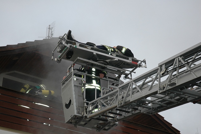 Nach der Erkundung geht alles sehr schnell. Die Drehleiter wird in Stellung gebracht und die Frau vom Balkon gerettet. Zeitgleich gehen Trupps unter Atemschutz ins Gebäude zur Menschenrettung und Brandbekämpfung vor. Drei verletzte Menschen können aus dem Haus nach draußen in Sicherheit gebracht werden, daher wird mittels Schnelleinsatzzelt eine provisorische Verletztensammelstelle eingerichtet. Der pflegebedürftige Mann wird von einem Atemschutz-Trupp auf den Balkon getragen, von wo aus er mit dem Tragegestell der Drehleiter nach unten geholt wird. Insgesamt klappte die Übung soweit ganz gut, sechs Personen konnten gerettet und der Brand gelöscht werden. Als problematisch waren die beengten Platzverhältnisse, die jedoch von den Feuerwehrleuten dennoch gut gemeistert wurden. Das Übungsgelände war gut ausgewählt, soll doch hier alles abgerissen werden und ein neues großes Einkaufszentrum gebaut werden.
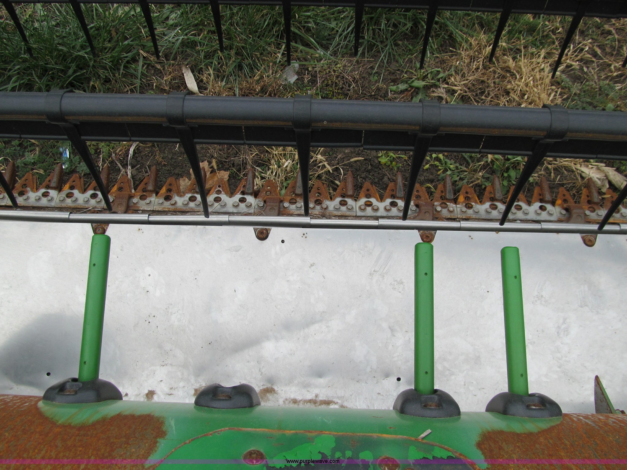 Purple Wave is selling a used Platform or Stripper Head in Iowa. This item is a 2006 John Deere 635F 35' flex header with the following: Auger with full width fingers, Telescoping platform drive shafts, Universal splined backshafts, Finger pickup reel, Auto header height sensing, Hydraulic fore/aft reel adjustment, Flexible platform, Auto reel speed control, Low stone dam, Contour Master terrain tracer, Stubble lights, Serial H00635F717018, Asset# 68947
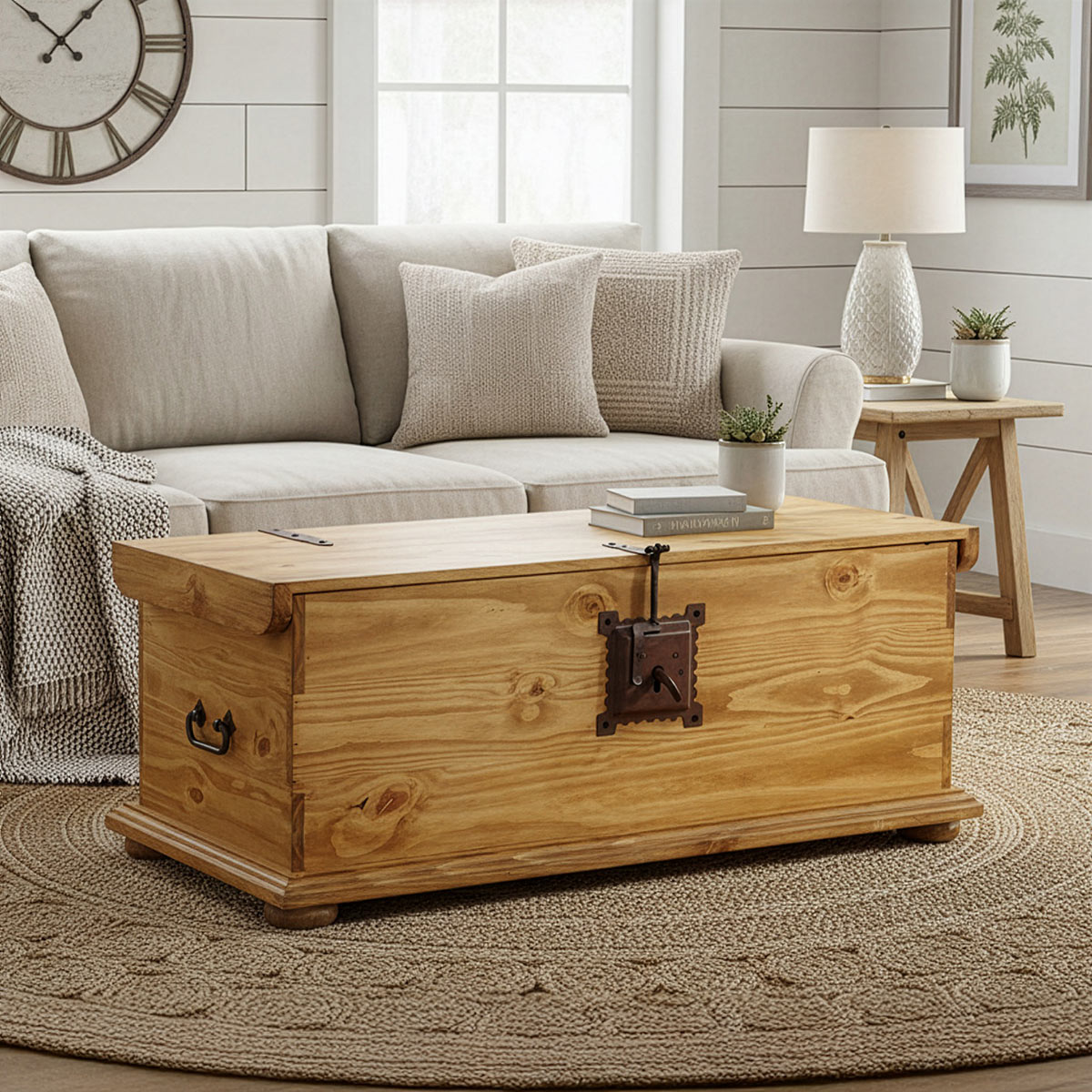 This rustic trunk coffee table is the ideal storage solution for your living room or family room. They are beautifully handcrafted from solid kiln-dried pine and accented with rustic iron hinges and a locking latch. These classic Mexican pine trunks are right at home in any rustic decor including rustic, southwest, log cabin and Santa Fe styles. Perfect storage for blankets, afghans, games and more.
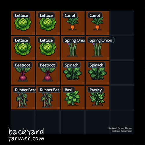 Load this plan: Copy this layout straight into the Square Foot Planner UK and tweak it for your garden. (coming soon)
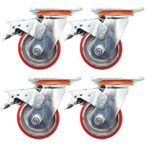 Made from cast iron metal, this 4inch 10cm swivel&brake/lock caster has a capacity of 250kg ea, and is suitable for heavy duty industrial or home use for furniture, trolley, equipment, bench, etc.
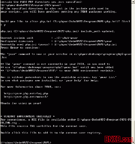 3、PEAR默认扩展包安装后,提示是否需要配置php.ini文件中的include_path选项指向pear的安装目录,当然需要配置,否则无法使用,Y并回车,安装包会自动修改include_path选项。
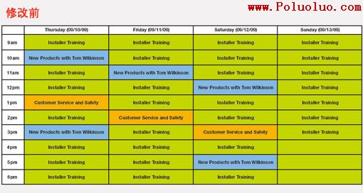 這張表格,信息不可謂不全,但裡面有很多計劃事項都是在不斷重復,而且顯得很厚重。三個信息(日期、時間及項目)看起來很相似。雖然上面表格的顏色搭配不錯,但一句話:壓得人喘不過氣來。根本不留一點透氣的空間給觀看的人,而其中的“設計”元素,就是那種矩形色塊,由軟件默認產生,而沒有經過細致雕刻。
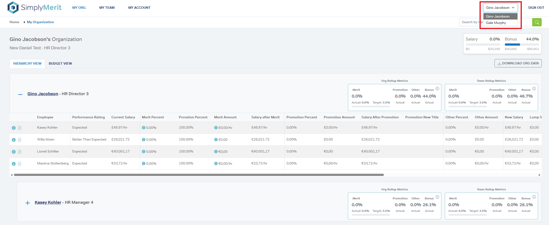 Selecting a different manager updates the data and actions available to you.
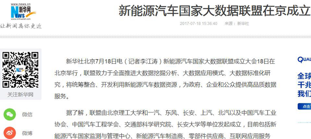 【编者按】7月18日,新能源汽车国家大数据联盟成立大会在北京举行。联盟由北京成品人和一品二品的区别和一汽、东风、长安、上汽、北汽以及中国汽车工业协会、中国汽车工程学会、交通部科学研究院、长安大学等单位发起成立,致力于全面推进大数据挖掘分析、大数据应用模式、大数据标准化研究,将统筹整合、开发利用新能源汽车数据资源,为政府、企业和公众提供高品质数据服务。北理工党委宣传部前期组织策划外宣工作,新华社、科技日报、中国财经报、人民网、光明网、中国新闻网、中国日报网、环球时报-环球网等多家媒体关注并进行报道。

::::::::::

● AIM OF THE EXERCISE: Leaving out the pictures, output the listing above exactly as given.

● SOLUTION:
 Nach der Erkundung geht alles sehr schnell. Die Drehleiter wird in Stellung gebracht und die Frau vom Balkon gerettet. Zeitgleich gehen Trupps unter Atemschutz ins Gebäude zur Menschenrettung und Brandbekämpfung vor. Drei verletzte Menschen können aus dem Haus nach draußen in Sicherheit gebracht werden, daher wird mittels Schnelleinsatzzelt eine provisorische Verletztensammelstelle eingerichtet. Der pflegebedürftige Mann wird von einem Atemschutz-Trupp auf den Balkon getragen, von wo aus er mit dem Tragegestell der Drehleiter nach unten geholt wird. Insgesamt klappte die Übung soweit ganz gut, sechs Personen konnten gerettet und der Brand gelöscht werden. Als problematisch waren die beengten Platzverhältnisse, die jedoch von den Feuerwehrleuten dennoch gut gemeistert wurden. Das Übungsgelände war gut ausgewählt, soll doch hier alles abgerissen werden und ein neues großes Einkaufszentrum gebaut werden.
 Purple Wave is selling a used Platform or Stripper Head in Iowa. This item is a 2006 John Deere 635F 35' flex header with the following: Auger with full width fingers, Telescoping platform drive shafts, Universal splined backshafts, Finger pickup reel, Auto header height sensing, Hydraulic fore/aft reel adjustment, Flexible platform, Auto reel speed control, Low stone dam, Contour Master terrain tracer, Stubble lights, Serial H00635F717018, Asset# 68947
 This rustic trunk coffee table is the ideal storage solution for your living room or family room. They are beautifully handcrafted from solid kiln-dried pine and accented with rustic iron hinges and a locking latch. These classic Mexican pine trunks are right at home in any rustic decor including rustic, southwest, log cabin and Santa Fe styles. Perfect storage for blankets, afghans, games and more.
 Load this plan: Copy this layout straight into the Square Foot Planner UK and tweak it for your garden. (coming soon)
 Made from cast iron metal, this 4inch 10cm swivel&brake/lock caster has a capacity of 250kg ea, and is suitable for heavy duty industrial or home use for furniture, trolley, equipment, bench, etc.
 3、PEAR默认扩展包安装后,提示是否需要配置php.ini文件中的include_path选项指向pear的安装目录,当然需要配置,否则无法使用,Y并回车,安装包会自动修改include_path选项。
 這張表格,信息不可謂不全,但裡面有很多計劃事項都是在不斷重復,而且顯得很厚重。三個信息(日期、時間及項目)看起來很相似。雖然上面表格的顏色搭配不錯,但一句話:壓得人喘不過氣來。根本不留一點透氣的空間給觀看的人,而其中的“設計”元素,就是那種矩形色塊,由軟件默認產生,而沒有經過細致雕刻。
 Selecting a different manager updates the data and actions available to you.
 【编者按】7月18日,新能源汽车国家大数据联盟成立大会在北京举行。联盟由北京成品人和一品二品的区别和一汽、东风、长安、上汽、北汽以及中国汽车工业协会、中国汽车工程学会、交通部科学研究院、长安大学等单位发起成立,致力于全面推进大数据挖掘分析、大数据应用模式、大数据标准化研究,将统筹整合、开发利用新能源汽车数据资源,为政府、企业和公众提供高品质数据服务。北理工党委宣传部前期组织策划外宣工作,新华社、科技日报、中国财经报、人民网、光明网、中国新闻网、中国日报网、环球时报-环球网等多家媒体关注并进行报道。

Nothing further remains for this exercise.